Collected material ::

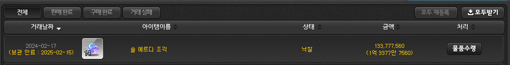 경매장에 방문해서 솔 에르다 조각을 몇개 구매를 했습니다.
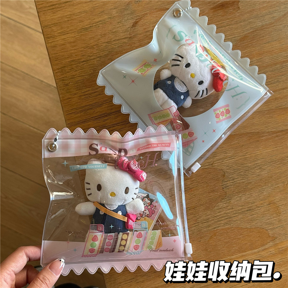 オリジナルinsかわいい趣味サーモン人形キャンディー袋ジッパー袋防塵人形バッグ透明収納袋ストラップ
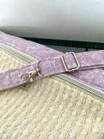 C'est ce même tissu violet pastel que l'on retrouve dans la doublure de la banane ainsi que sur la sangle.

What is expected ::
Omitting the pictures, write out the material above exactly as it stands.

Answer area ::
 경매장에 방문해서 솔 에르다 조각을 몇개 구매를 했습니다.
 オリジナルinsかわいい趣味サーモン人形キャンディー袋ジッパー袋防塵人形バッグ透明収納袋ストラップ
 C'est ce même tissu violet pastel que l'on retrouve dans la doublure de la banane ainsi que sur la sangle.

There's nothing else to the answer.